Police say slick roads and potential for drunk drivers is a "recipe for disaster"

Slick roads cause a truck to swerve in Mishawaka. //WSBT 22 Photo

The combination of dangerous weather and the potential for drunk driving as people ring in the new year could be a disaster waiting to happen according to local police.

In St. Joseph County, seven police departments come together to work overtime during the New Year's Eve Weekend .

The overtime is paid for by a grant from the Indiana Criminal Justice Institute.

Police are hoping this will be the 7th New Year's in a row with no fatalities in the county, but with the slick roads added to the mix, staying safe is that much harder.

Some people have already had to change their plans because of the road conditions.

Lou Poulos spent Saturday night at a bar with a friend instead of his girlfriend because she was unable to make the drive from Kalamazoo.

"She drove here this afternoon, turned around 20 minutes South of Kalamazoo because the lake effect snow was causing whiteouts that were just making driving so difficult that she just turned around and went back," said Poulos.

With another round of lake effect expected, his plans may permanently change.

"Looks like I might be facing a New Year's Eve with no plans and nothing to do because of the stupid snow," said Poulos.

The police are also worried about the snow, but they are also worried about the potential for drunk drivers.

"The concern is one that we still have too many drivers driving too fast for weather conditions," said Lt. Tim Williams with the Mishawaka Police Department. "When we have a holiday like this coming up, we have to be concerned about the drinking and the driving. With the weather added to that, that's a recipe for disaster."

Extra police officers will be out all weekend to make sure the roads are safe. Lt. Tim Williams says even on slick roads, they know how to spot a drunk driver.

He signs up to work overtime every year on the holiday because to him the mission is personal.

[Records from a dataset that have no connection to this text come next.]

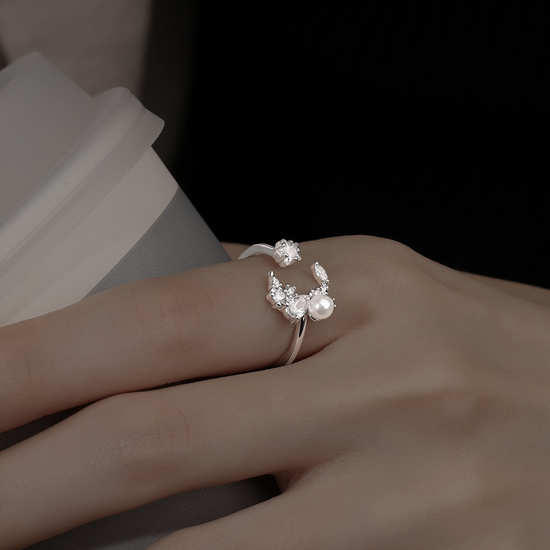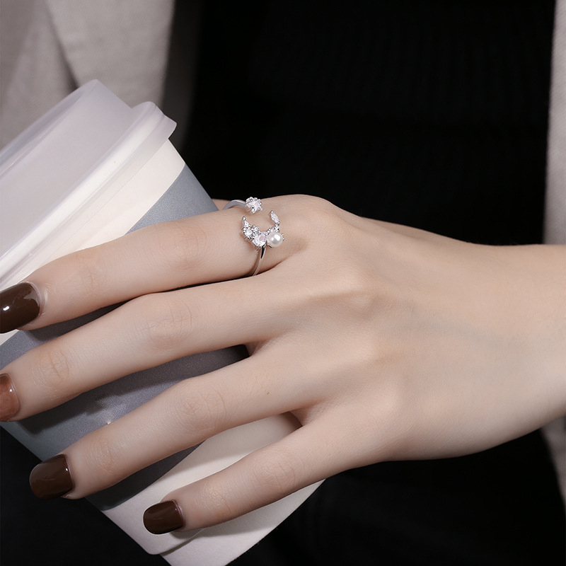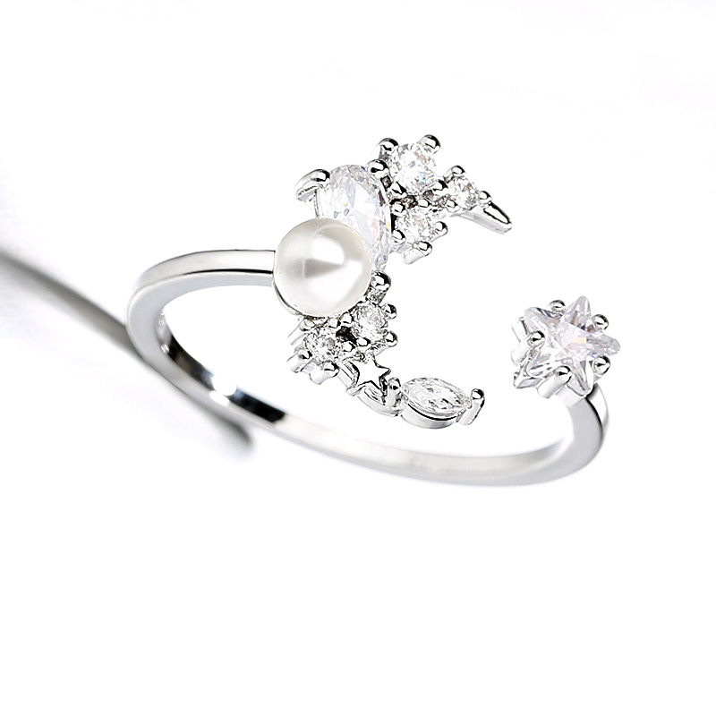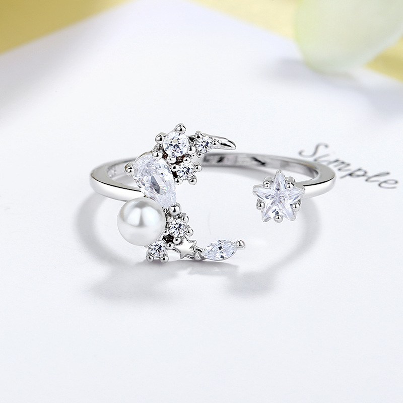 Цирконий Micro Pave Латунь палец кольцо, с Пластиковая жемчужина, Другое покрытие, инкрустированное микро кубического циркония & Женский, платиновый цвет, продается PC
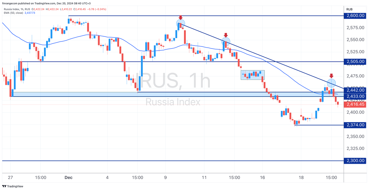 Данный обзор – это моё субъективное виденье рынка, на которое я ставлю свои деньги исходя из моего риск- и мани- менеджмента. Рынок в моменте Отскок после замедления инфляции продолжился с ускорением на выступлении президента России. В середине торгов произошел мощный восходящий импульс с обновлением дневных максимумов. Далее индекс МосБиржи отскочил от локального нисходящего тренда и перешёл к снижению, пробив зону поддержки. Таким образом, сохраняется медвежий тренд. Тем не менее, многие участники расценивают комментарий Путина о действиях ЦБ, как намёк регулятору и позитивный сигнал для рынка. Сегодня в центре внимания заседание ЦБ, где будет принято решение по ключевой ставке. Я склоняюсь к росту ключевой ставке до 23% и жёсткой риторики регулятора. Если ставка будет ниже 23%, мы увидим рост российского рынка. Также, важна риторика ЦБ, при росте ставки до 23% и сигнале о завершении ужесточения денежно-кредитной политике, мы также можем пойти в рост. Всё что выше и жёстче – это уско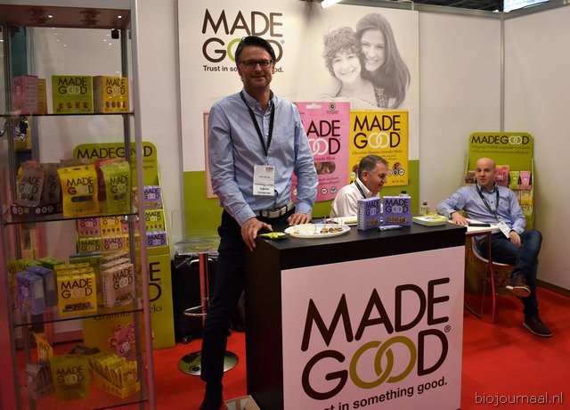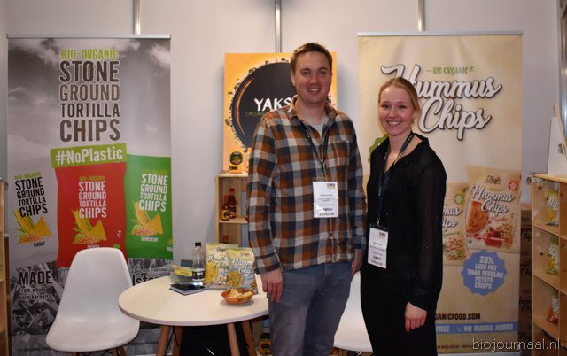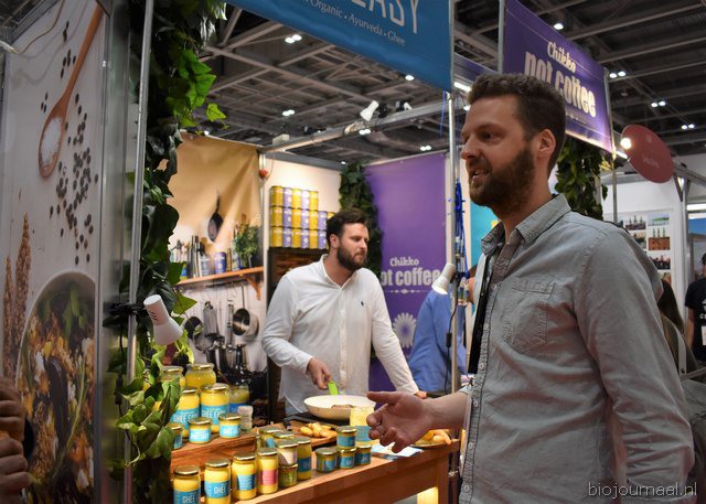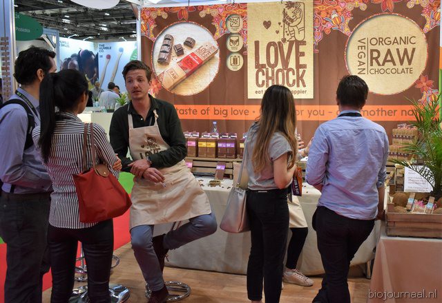 FZ Organic Food was voor de vierde keer aanwezig tijdens de beurs in Londen. Op de foto: Pieterjan Kok en de jarige Myrthe Sikma.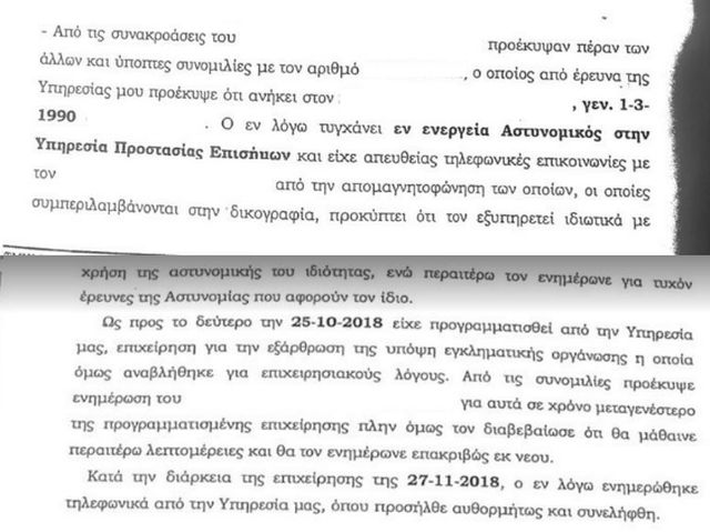 Ο αστυνομικός που υπηρετεί μάλιστα σε θέση φύλαξης VIP προσώπου φαίνεται ότι ήταν ο άνθρωπος που είχε ο κατηγορούμενος Ριχάρδος για να τον ενημερώνει για τις κινήσεις της Αστυνομίας.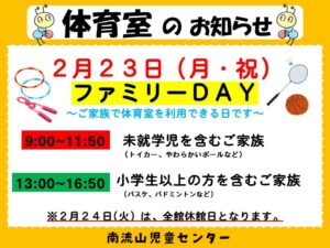 ファミリーDAYは、ご家族で体育室を利用できる日です。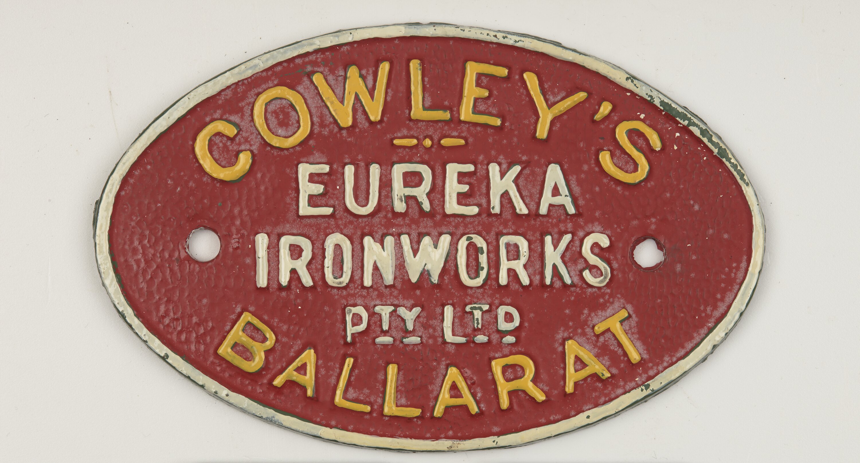 Front: "COWLEY'S / EUREKA / IRONWORKS / PTY LTD / BALLARAT "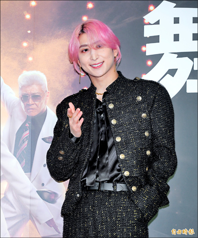 佐久間大介昨天頂著招牌粉色頭現身記者會,活潑表演帥氣開槍。(記者王文麟攝)

"I'm a victim of a drunk driver. I know what it's like. I have permanent scars that will never go away," says Williams. "I've seen families have to deal with victims of drunk driving that have life-altering injuries that will never change."

Lt. Williams says while he was on the job he responded to a situation where he ended up being dragged by a drunk driver, so that is why he is so passionate about the issue.

He asks that everyone has a plan on how to get home safely before going out.

The county's additional enforcement lasts until 6 am Tuesday.